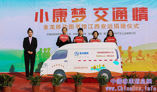 12月9日,正值滿山遍野臍橙飄香的豐收季節(jié),以“小康夢 交通情”為主題的“金龍移動圖書館”捐贈儀式在江西安遠(yuǎn)舉行。在交通運(yùn)輸部直屬機(jī)關(guān)工會、中國交通報社、江西安遠(yuǎn)縣政府、金龍客車的共同見證與參與下,“金龍移動圖書館”正式在安遠(yuǎn)地區(qū)啟動,服務(wù)當(dāng)?shù)剜l(xiāng)村和學(xué)校,實現(xiàn)孩子們有書讀、讀好書的心愿。
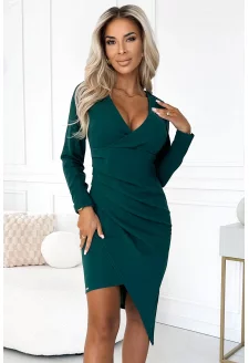 Elegantní šaty s překládaným výstřihem Numoco KELLY - zelené
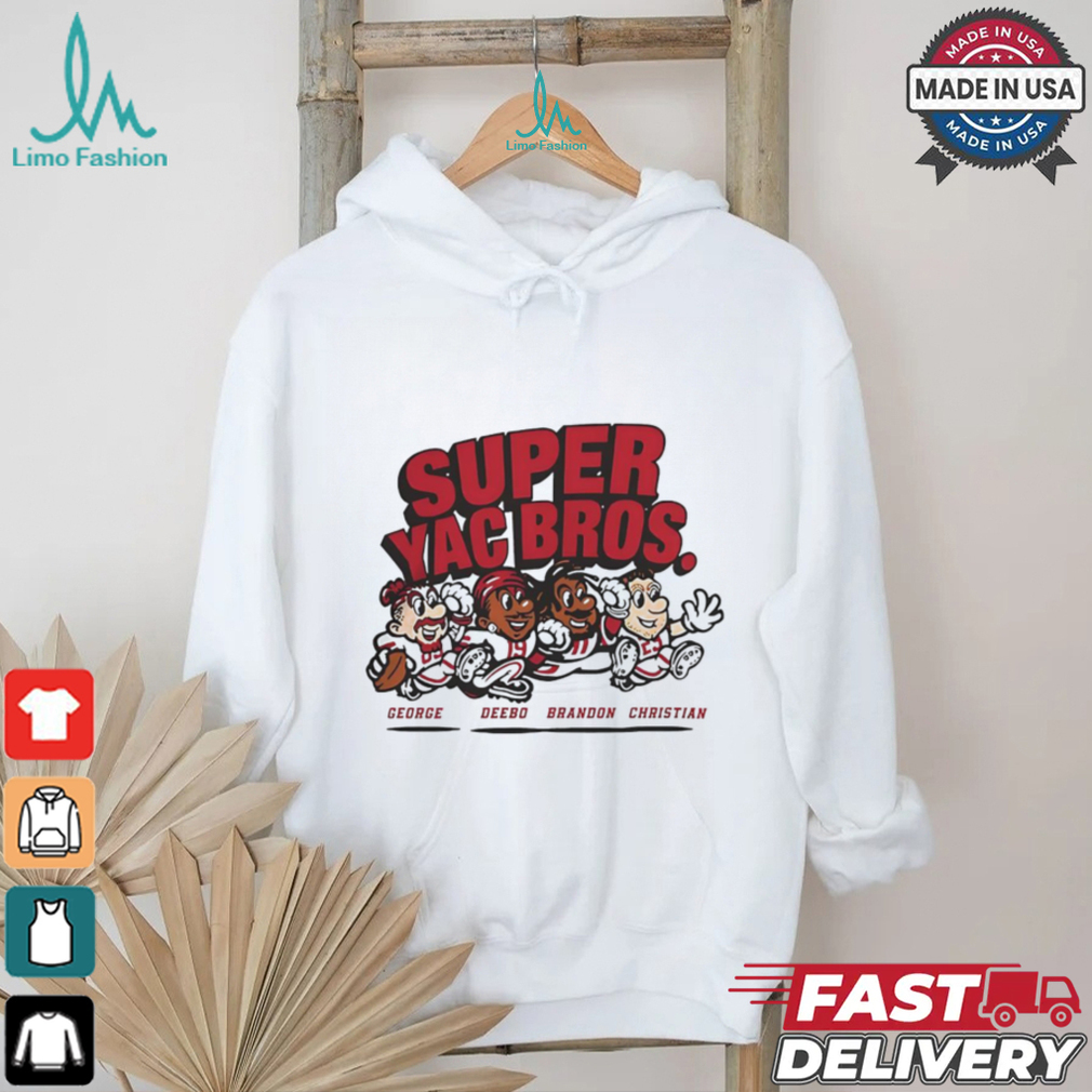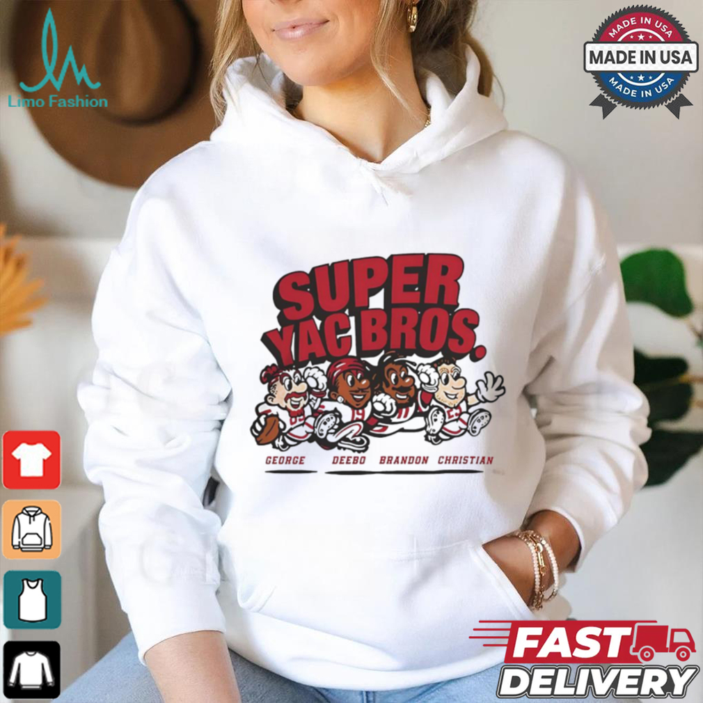 ()Christian McCaffrey San Francisco 49ers Super Yac Bros shirt. Categories of this T-shirt is teejeep, Christian McCaffrey San Francisco 49ers Super Yac Bros shirt from Dadyshirt ✓ Unique designs ✓ Large assortment ✓ Comfortable ✓ High-quality ✓ Easy to care for ✓ Available in a range of colours and styles for men, women ✓ Shop now ✓
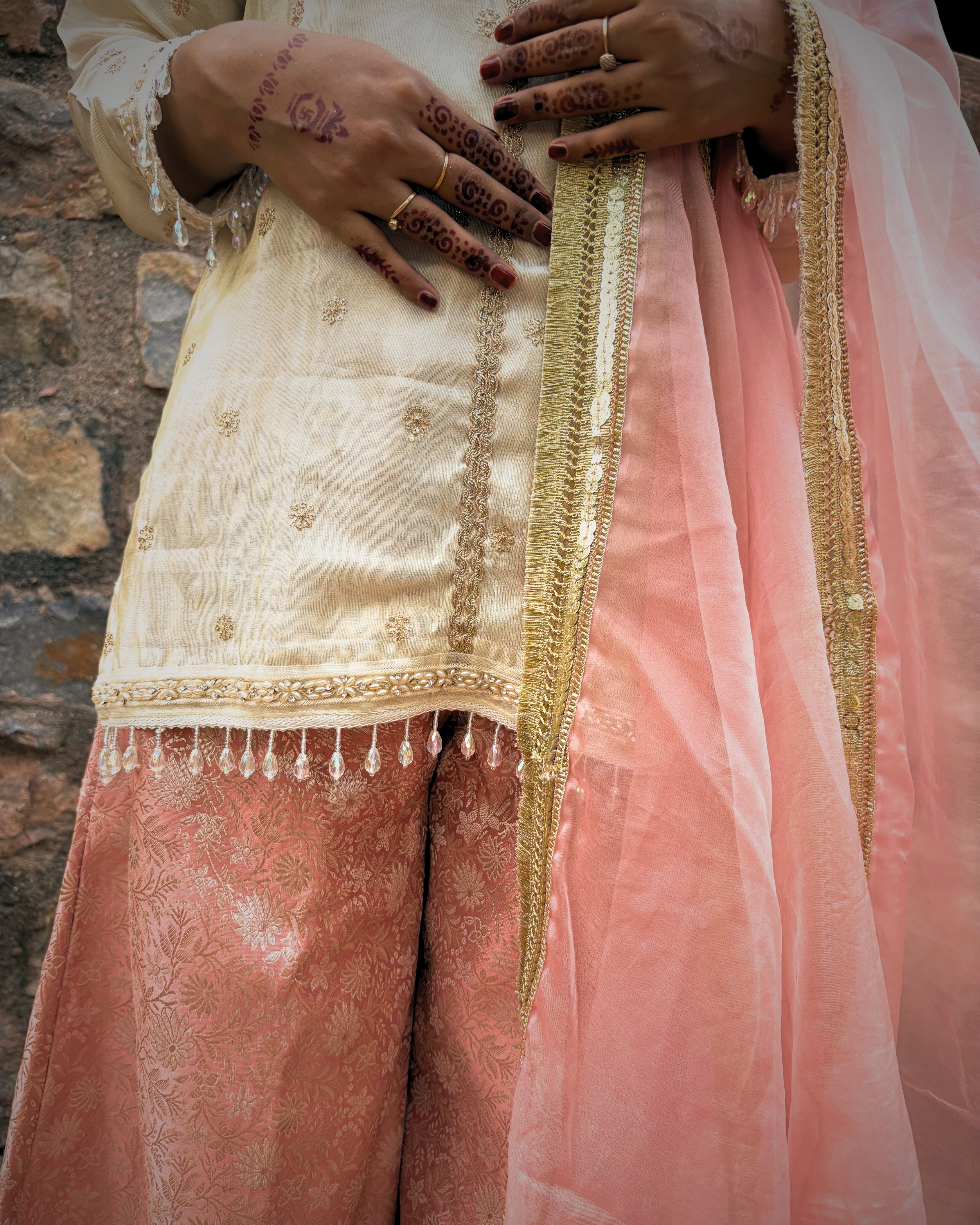From our Afsaana collection- a tale of timeless elegance and handcrafted stories—this three-piece set blends subtle charm with traditional finesse. The short kurti in cosmos fabric pairs beautifully with a soft peach organza dupatta adorned with gotapatti lace borders and a Banarasi brocade bottom that adds a regal touch.
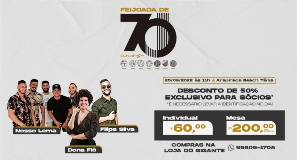 Com mesas no valor de R$400,00 e entradas individuais na quantia de R$120,00, o GIGANTE chega aos seus 70 anos com sorteio de camisas e uma feijoada de dar água na boca.
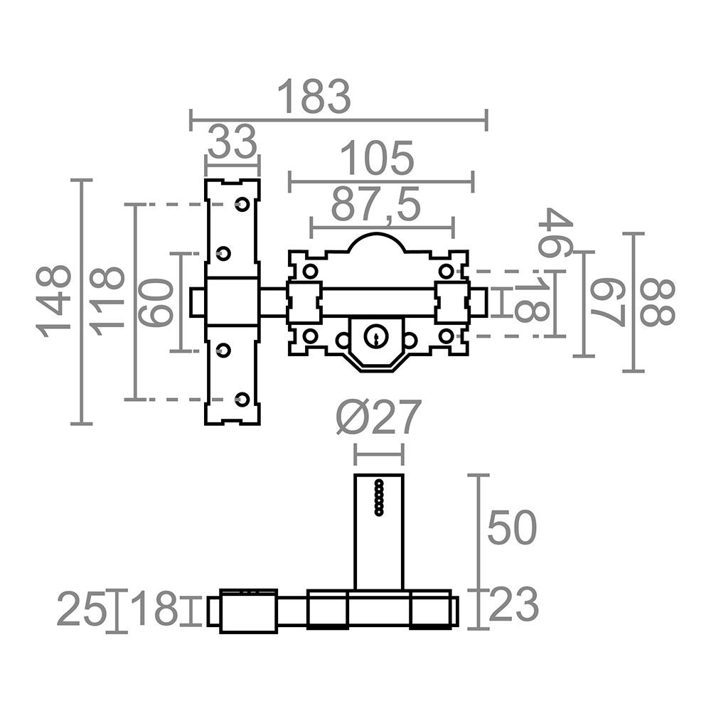 CERROJO DE SOBREPONER CRR07 CON PLACA DE 105 mm Y CILINDRO REDONDO DE 50 mm - PARA REFORZAR LA SEGURIDAD MEDIANTE LA INSTALACIÓN EN CUALQUIER TIPO DE PUERTA - ADEMÁS, AL SER REVERSIBLE NO GUARDA MANO - EL ACCIONAMIENTO SE REALIZA DE MANERA INTERNA Y EXTERNA MEDIANTE LLAVE A TRAVÉS DEL CILINDRO - CON 3 LLAVES DE SERRETA - FABRICADO EN ACERO, ACABADO PINTADO EN GRIS
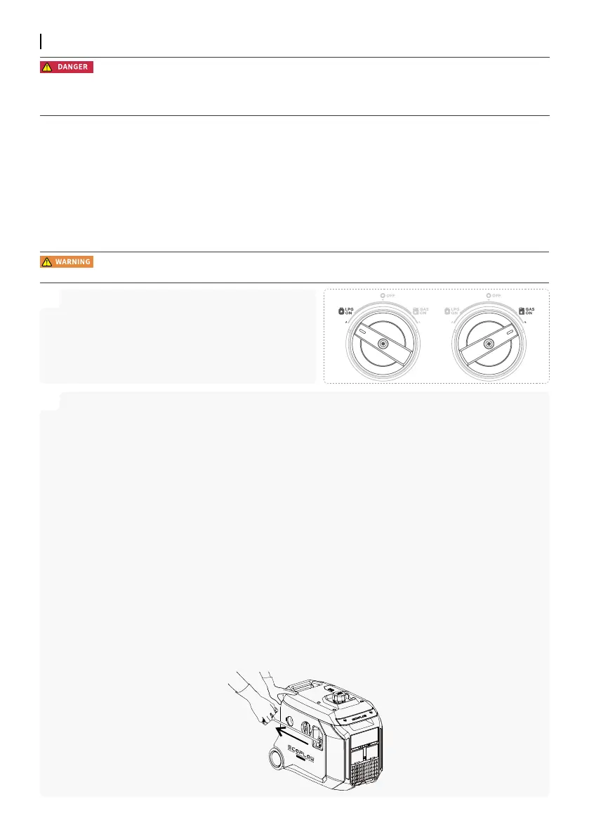 • Ensure the Engine Switch is properly aligned with the corresponding fuel position to prevent
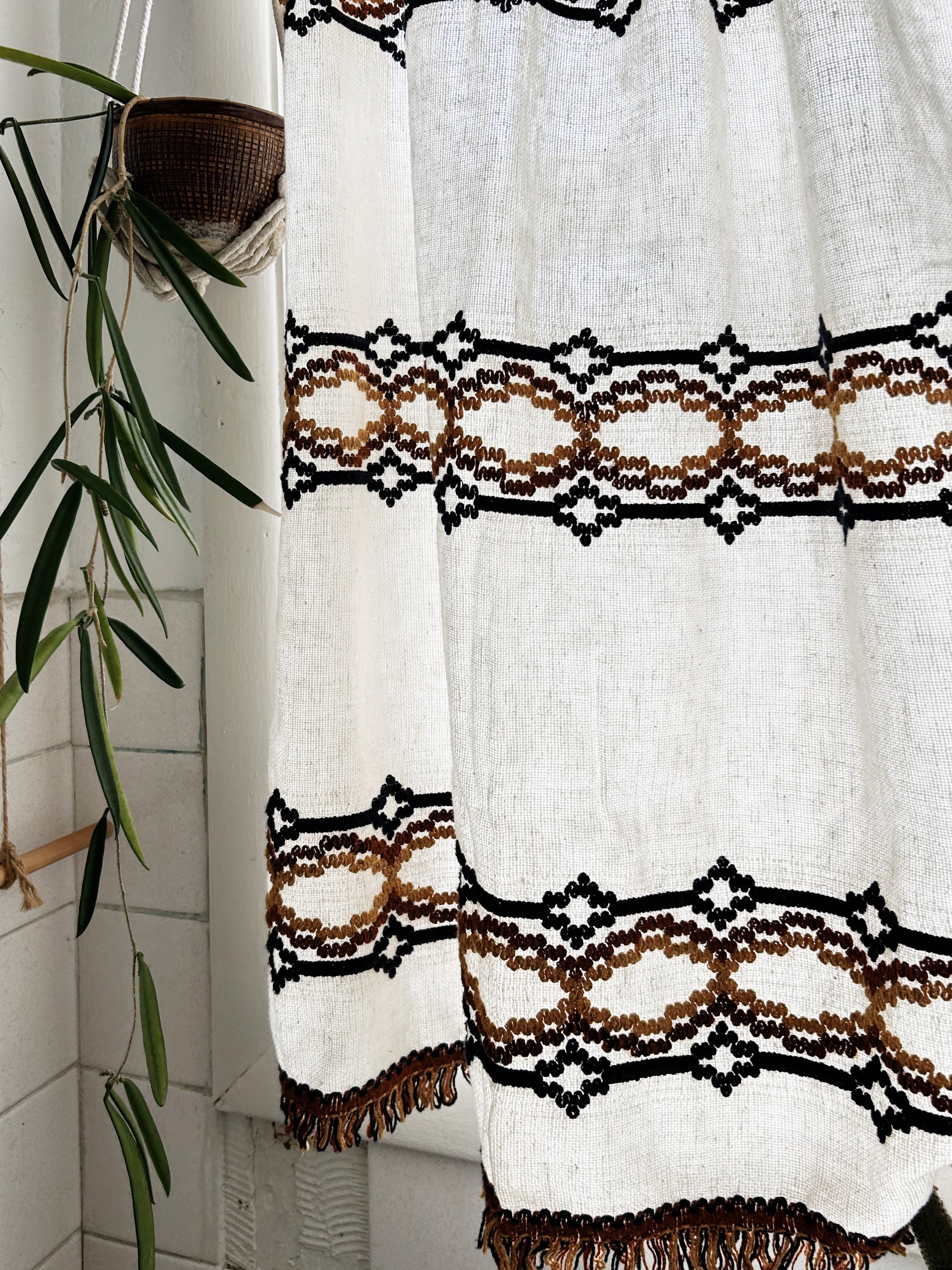 Handmade vintage cafe curtains. Linen and cotton crewel work is so charming. Filters the light nicely. Nice and soft
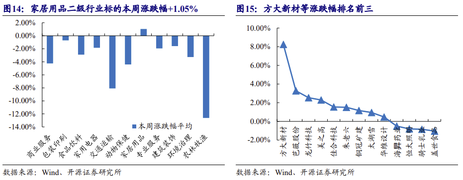 消费服务行业本周市盈率中值降至 46.9X,方大新材+8.25%、芭薇股份+3.28%、龙竹科技+2.54%涨跌幅排名前三。(消费服务包含商业服务、包装印刷、食品饮料、 家用电器、交通运输、动物保健、家居用品、专业服务、建筑装饰、环境治理、农 林牧渔等二级行业)
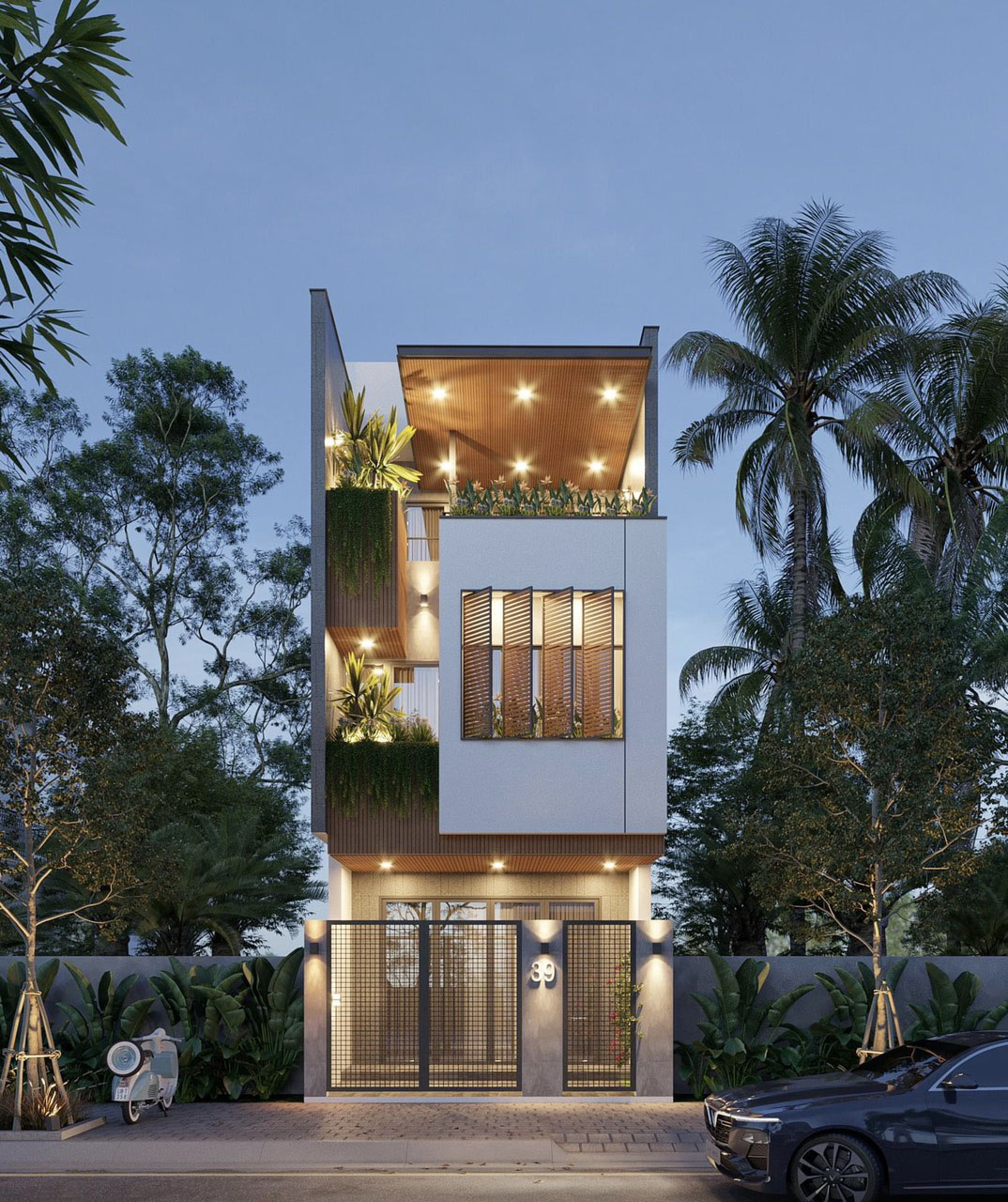 Khối ban công tầng 2 lệch ra ngoài so với tầng 1 và tầng 3 mang đến sự khác biệt, khiến khách qua đường dù đứng gần hay xa vẫn cảm thấy bị thu hút. gần 1.5m. Cửa gỗ lá sách cùng với tiểu cảnh xanh mát, tạo nên hiệu ứng cuốn hút, tinh tế và đầy sức hút cho mẫu thiết kế công trình.
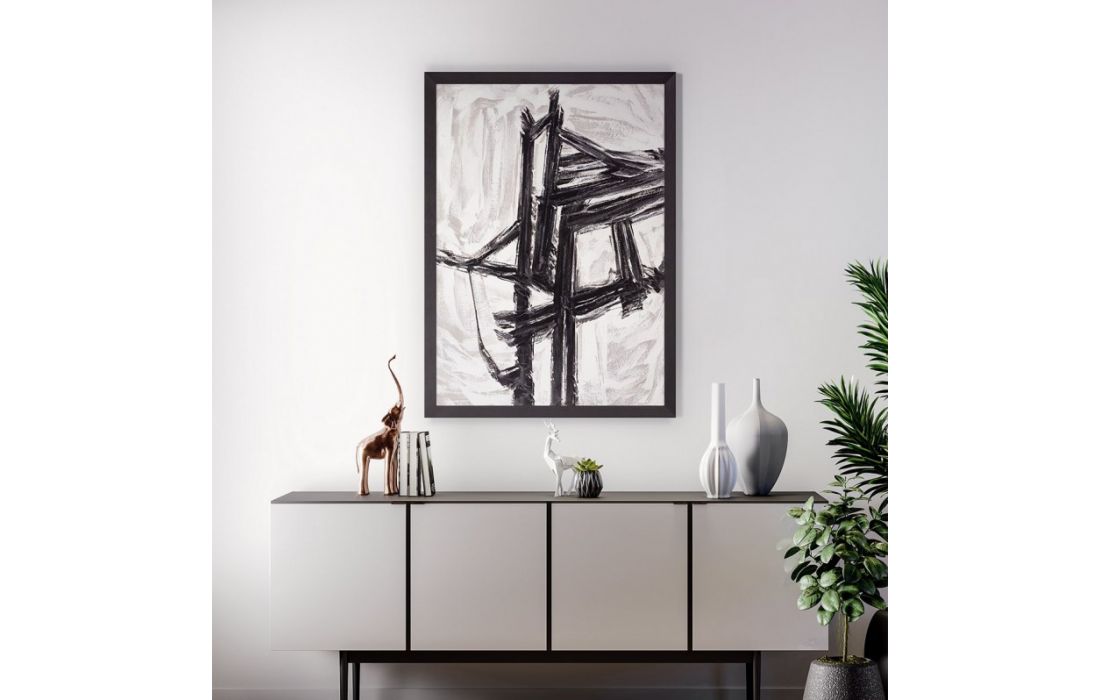 Pintura original abstrata da autora Diana Fuertes em tela com moldura de madeira, opções nas cores lacado branco e preto

◆ **PROBLEM**: Above are entries with pictures among them. Write out exactly the lines from the one containing "Elegantní šaty s" through the one containing "Handmade vintage cafe", ends included, and leave those pictures out.

◆ **THE COMPLETED TASK**:
 Elegantní šaty s překládaným výstřihem Numoco KELLY - zelené
 ()Christian McCaffrey San Francisco 49ers Super Yac Bros shirt. Categories of this T-shirt is teejeep, Christian McCaffrey San Francisco 49ers Super Yac Bros shirt from Dadyshirt ✓ Unique designs ✓ Large assortment ✓ Comfortable ✓ High-quality ✓ Easy to care for ✓ Available in a range of colours and styles for men, women ✓ Shop now ✓
From our Afsaana collection- a tale of timeless elegance and handcrafted stories—this three-piece set blends subtle charm with traditional finesse. The short kurti in cosmos fabric pairs beautifully with a soft peach organza dupatta adorned with gotapatti lace borders and a Banarasi brocade bottom that adds a regal touch.
 Com mesas no valor de R$400,00 e entradas individuais na quantia de R$120,00, o GIGANTE chega aos seus 70 anos com sorteio de camisas e uma feijoada de dar água na boca.
 CERROJO DE SOBREPONER CRR07 CON PLACA DE 105 mm Y CILINDRO REDONDO DE 50 mm - PARA REFORZAR LA SEGURIDAD MEDIANTE LA INSTALACIÓN EN CUALQUIER TIPO DE PUERTA - ADEMÁS, AL SER REVERSIBLE NO GUARDA MANO - EL ACCIONAMIENTO SE REALIZA DE MANERA INTERNA Y EXTERNA MEDIANTE LLAVE A TRAVÉS DEL CILINDRO - CON 3 LLAVES DE SERRETA - FABRICADO EN ACERO, ACABADO PINTADO EN GRIS
 • Ensure the Engine Switch is properly aligned with the corresponding fuel position to prevent
 Handmade vintage cafe curtains. Linen and cotton crewel work is so charming. Filters the light nicely. Nice and soft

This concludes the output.